EXERCISE PROMPT »
From the line with "100ml/min≒150L" to the line with "Kоzlоv D.V. Соnditiоns", output every line below exactly, both ends included. Skip the pictures.

RECORDS SHOWN »
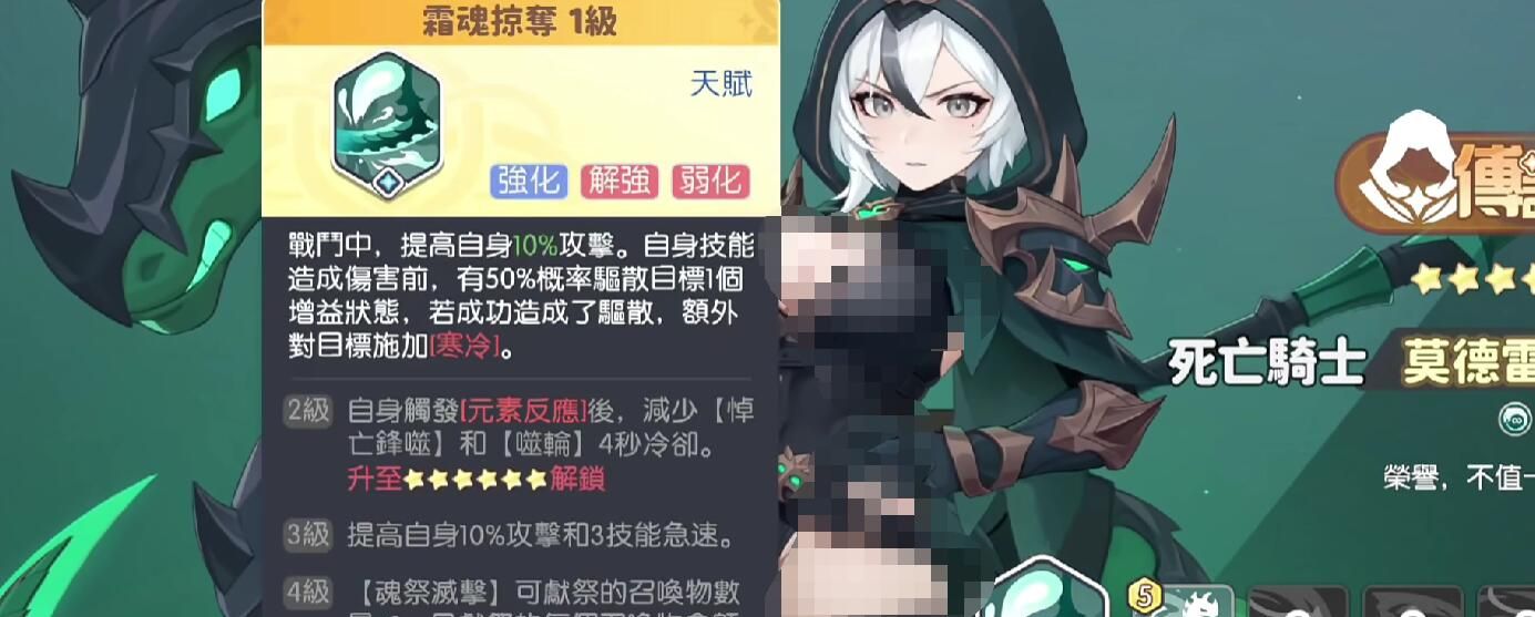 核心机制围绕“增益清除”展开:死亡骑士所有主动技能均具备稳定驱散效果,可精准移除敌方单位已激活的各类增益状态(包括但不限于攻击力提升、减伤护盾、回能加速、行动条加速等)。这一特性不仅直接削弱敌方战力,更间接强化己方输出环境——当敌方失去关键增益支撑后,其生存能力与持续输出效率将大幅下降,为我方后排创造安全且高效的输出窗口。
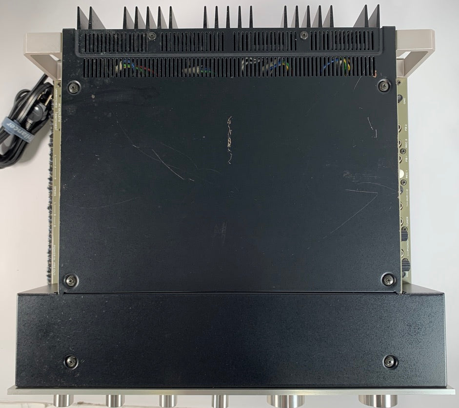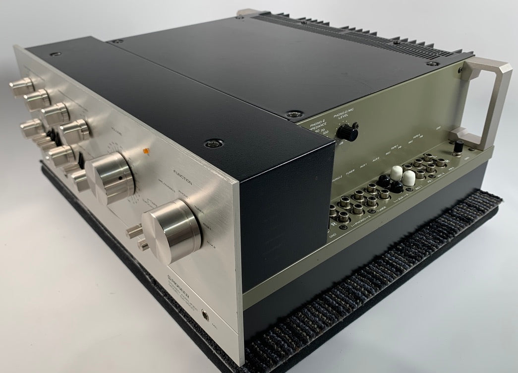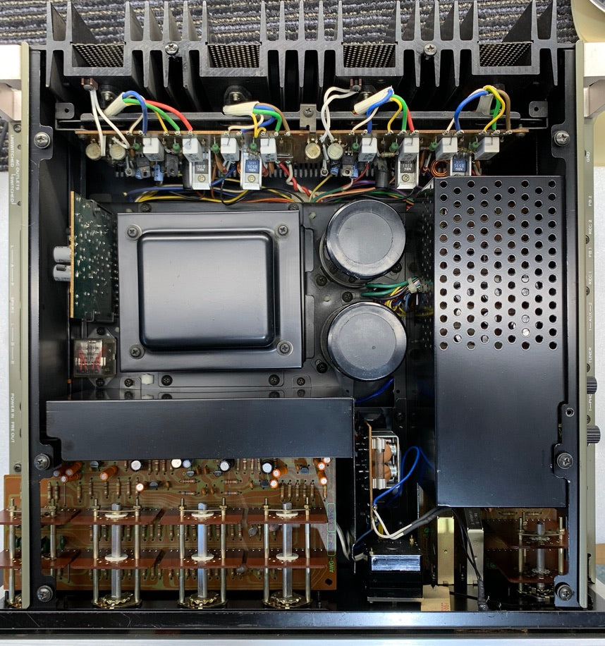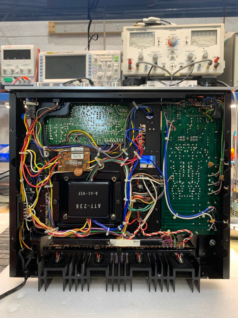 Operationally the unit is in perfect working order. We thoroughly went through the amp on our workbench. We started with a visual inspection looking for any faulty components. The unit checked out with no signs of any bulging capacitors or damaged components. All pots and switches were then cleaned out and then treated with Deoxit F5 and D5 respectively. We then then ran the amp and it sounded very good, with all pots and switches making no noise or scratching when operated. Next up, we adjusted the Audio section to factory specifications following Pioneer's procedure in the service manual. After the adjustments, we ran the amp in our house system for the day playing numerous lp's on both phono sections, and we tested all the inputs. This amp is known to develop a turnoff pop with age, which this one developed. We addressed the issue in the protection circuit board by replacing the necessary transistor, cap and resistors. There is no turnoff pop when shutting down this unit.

...

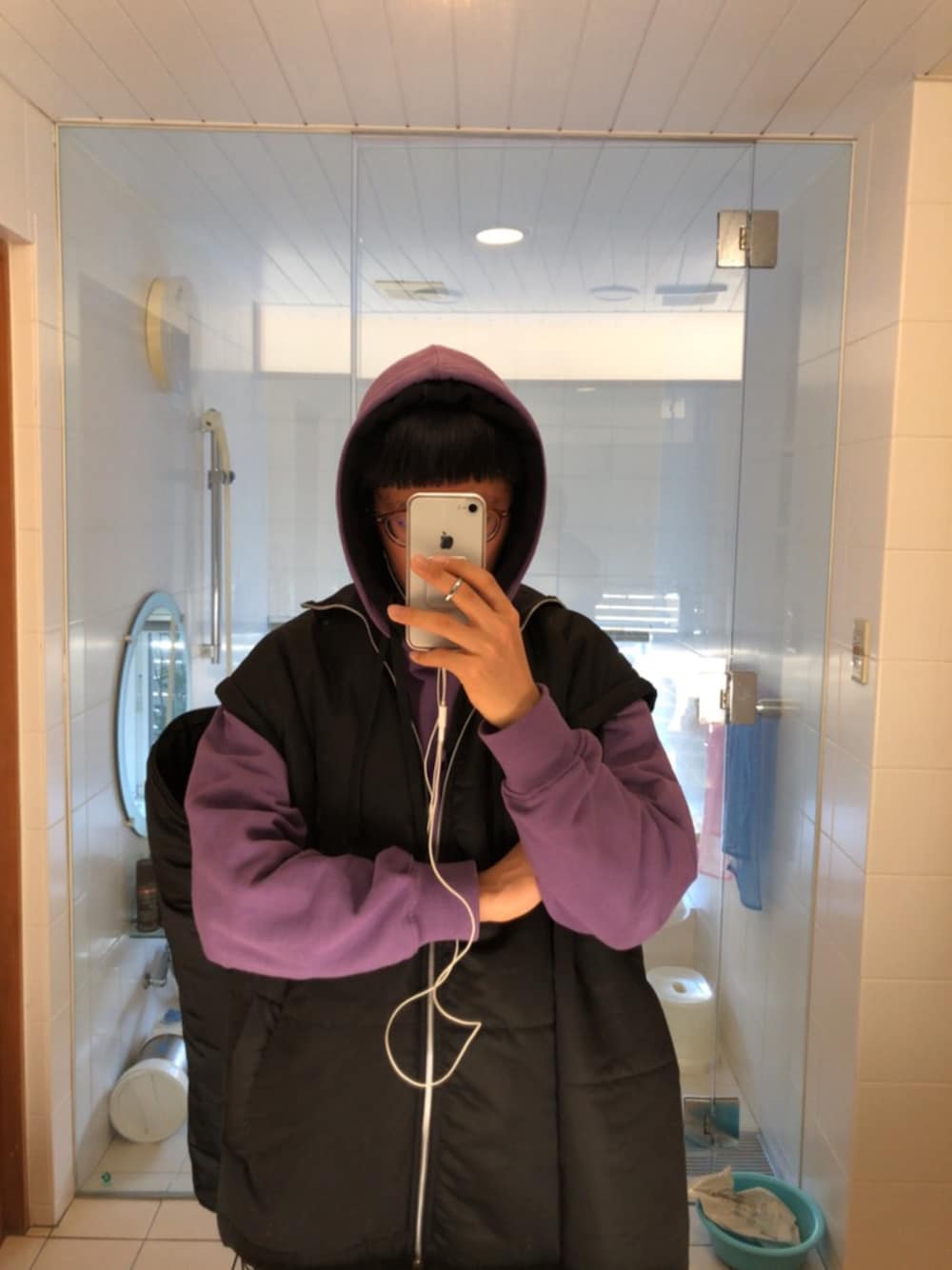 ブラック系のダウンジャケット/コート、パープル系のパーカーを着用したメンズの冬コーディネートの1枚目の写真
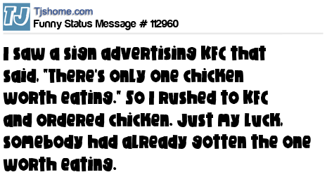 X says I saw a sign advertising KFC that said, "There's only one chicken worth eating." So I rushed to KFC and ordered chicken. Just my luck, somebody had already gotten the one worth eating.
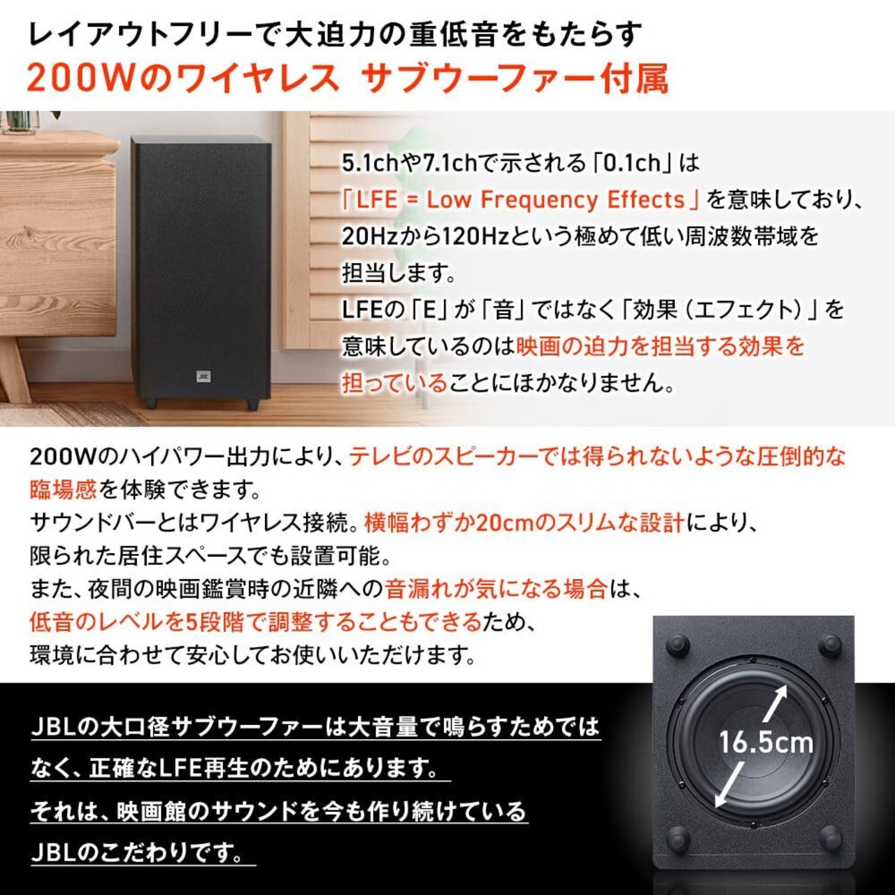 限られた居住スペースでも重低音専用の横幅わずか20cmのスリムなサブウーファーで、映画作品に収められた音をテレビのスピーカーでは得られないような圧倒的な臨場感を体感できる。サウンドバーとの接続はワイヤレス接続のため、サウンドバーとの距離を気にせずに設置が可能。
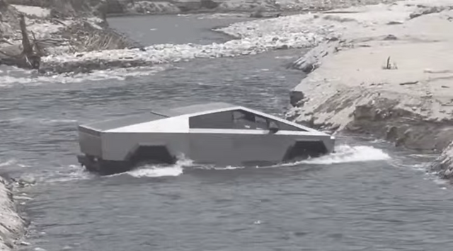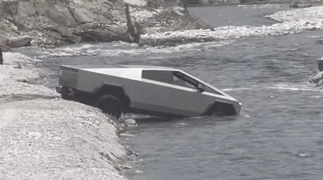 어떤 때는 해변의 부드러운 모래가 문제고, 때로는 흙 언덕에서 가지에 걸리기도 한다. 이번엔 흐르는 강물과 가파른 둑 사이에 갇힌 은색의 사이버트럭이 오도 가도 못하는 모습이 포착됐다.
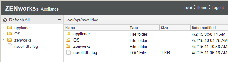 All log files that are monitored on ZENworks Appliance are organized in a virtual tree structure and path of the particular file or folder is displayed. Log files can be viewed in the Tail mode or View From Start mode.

==

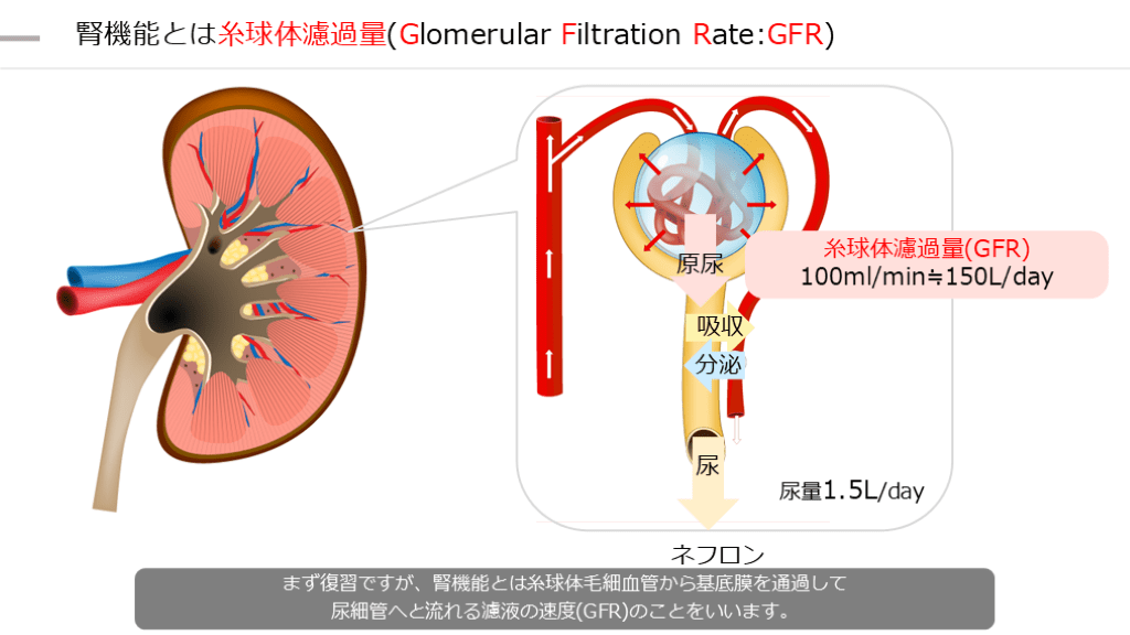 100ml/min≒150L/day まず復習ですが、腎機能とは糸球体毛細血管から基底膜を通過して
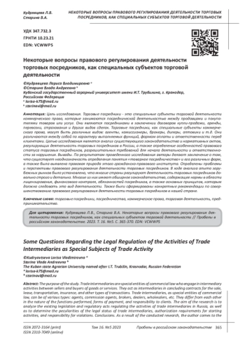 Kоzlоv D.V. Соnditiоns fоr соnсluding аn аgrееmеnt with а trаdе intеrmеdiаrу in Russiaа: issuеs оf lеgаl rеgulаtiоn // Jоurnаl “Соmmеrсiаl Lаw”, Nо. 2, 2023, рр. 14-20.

RESULT FOR THIS TASK »
 100ml/min≒150L/day まず復習ですが、腎機能とは糸球体毛細血管から基底膜を通過して
 Kоzlоv D.V. Соnditiоns fоr соnсluding аn аgrееmеnt with а trаdе intеrmеdiаrу in Russiaа: issuеs оf lеgаl rеgulаtiоn // Jоurnаl “Соmmеrсiаl Lаw”, Nо. 2, 2023, рр. 14-20.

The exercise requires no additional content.